I thought myself to be chronically online before reading this - now I think I may be doing okay. That realization is the one benefit of reading this. The actual process of reading this novel was surreal - for a while the plot would be coherent and even perhaps decent but then the narrative would derail into a rant of bewildering stream of consciousness where the conspiracy theories and nonsensical tangents take over. In addition to simply being difficult to make sense of - the level of chronically online cultural knowledge that was being thrown at us did not even seem to align with what our narrator should reasonably be expected to know and understand as a 40-year-old washed-up child actor who throughout the novel lectures the readers with knowledge of online communities that we do not see him frequent in the actual novel. Frankly, this seemed to be written not for the purpose of telling a story, but to be a soapbox for the author's own ideologies - going as far as to address the readers directly breaking that fourth wall in a very clumsy fashion. Thank you to Netgalley for providing a copy in exchange for an honest review!
breezy hollywood-ish story of, ah, reboots. of tv shows, video games, romance, family, conspiracies and more! funny at times, a bit in the conspiracy weeds at times but a nice ride.
Rating: 2.5 Stars!! Review: Thank you to Pantheon Books for picking me to win this FREE ARC Copy as part of a giveaway on their website earlier this year.
This was my first time reading a YA novel by Justin Taylor so I wasnt sure what to expect but I have to say that sadly this book was just OK for me.
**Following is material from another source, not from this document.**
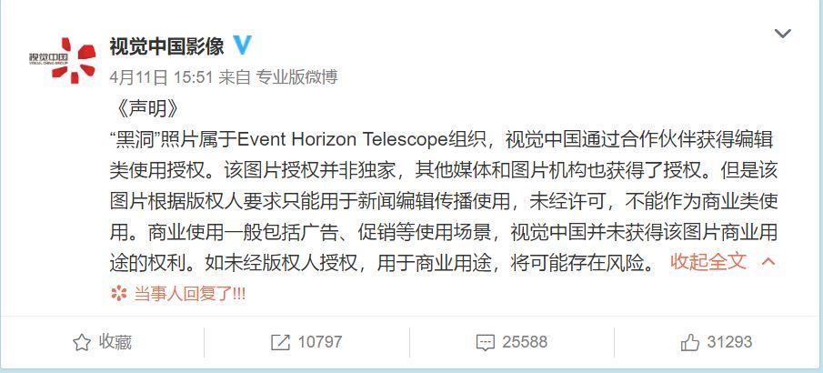 首先是視覺中國,在事發(fā)后兩天內(nèi)連發(fā)3份聲明:第一份聲明主旨為“黑洞”照片有部分版權(quán),無商業(yè)用途版權(quán);
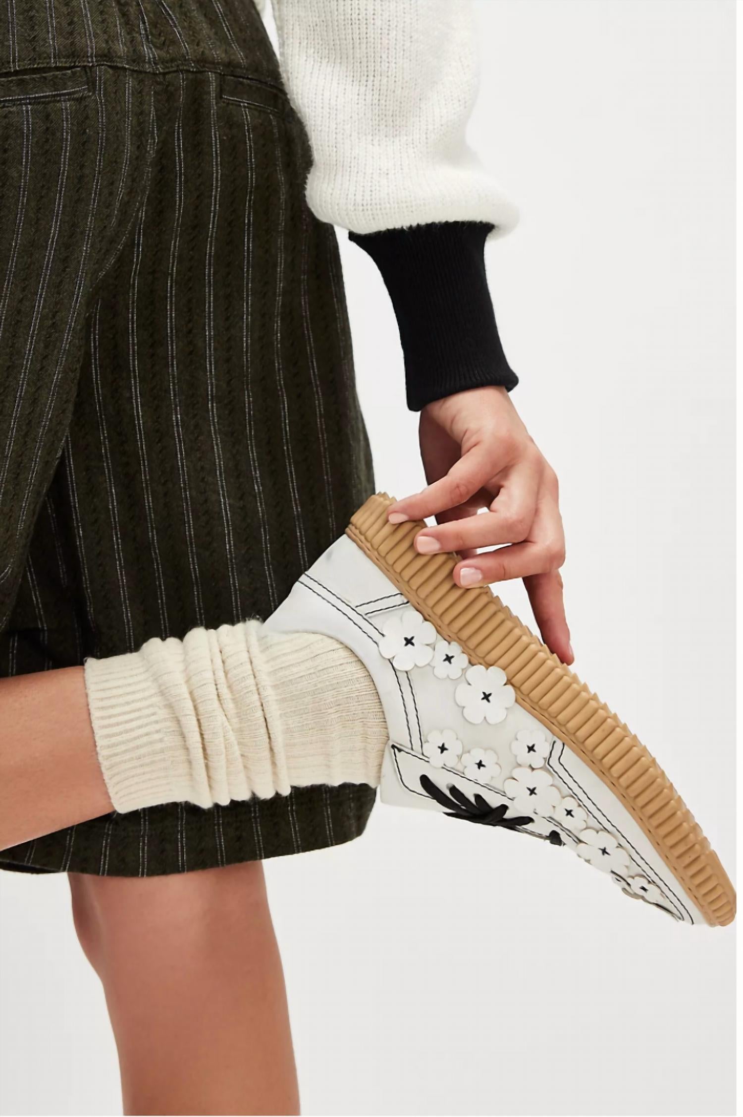 Eleve seu estilo com o tênis Wallflower Wimberly da Free People, confeccionado em couro Arctic Fox. Este tênis de cano baixo possui cabedal em couro, apliques florais e entressola texturizada para um toque único. A costura contrastante e o solado de borracha adicionam um toque visual marcante, enquanto os cadarços cruzados garantem um calce fácil. Confeccionados com a estética vintage característica da marca, estes tênis são importados e perfeitos para adicionar conforto e estilo a qualquer look.

I was hoping to like it more than I did but Part 1 was just too descriptive and too long for me with very little happening.
I thought this book was going to be like The OC meets Laguna Beach and Beverly Hills 90210 but sadly I was mistaken.
The Characters were OK but could of been better since I couldn't stand the complaining that the Main characters did through Part 1.
The Setting was beautifully described which made me feel like I was actually in California, New York, and Florida while reading especially when the scenery was described which was just about the only thing I loved about this book.
Overall it could of been so much better. I will read more by Justin in the future but I hope his other books arent like this one was.
First review I’ve ever written; that’s how much I loved this book. This feels like the necessary third book in a Goon Squad/Candy House series. 10/10, very positive this is the book I will not only most enjoy this year but also continue to think about for years to come.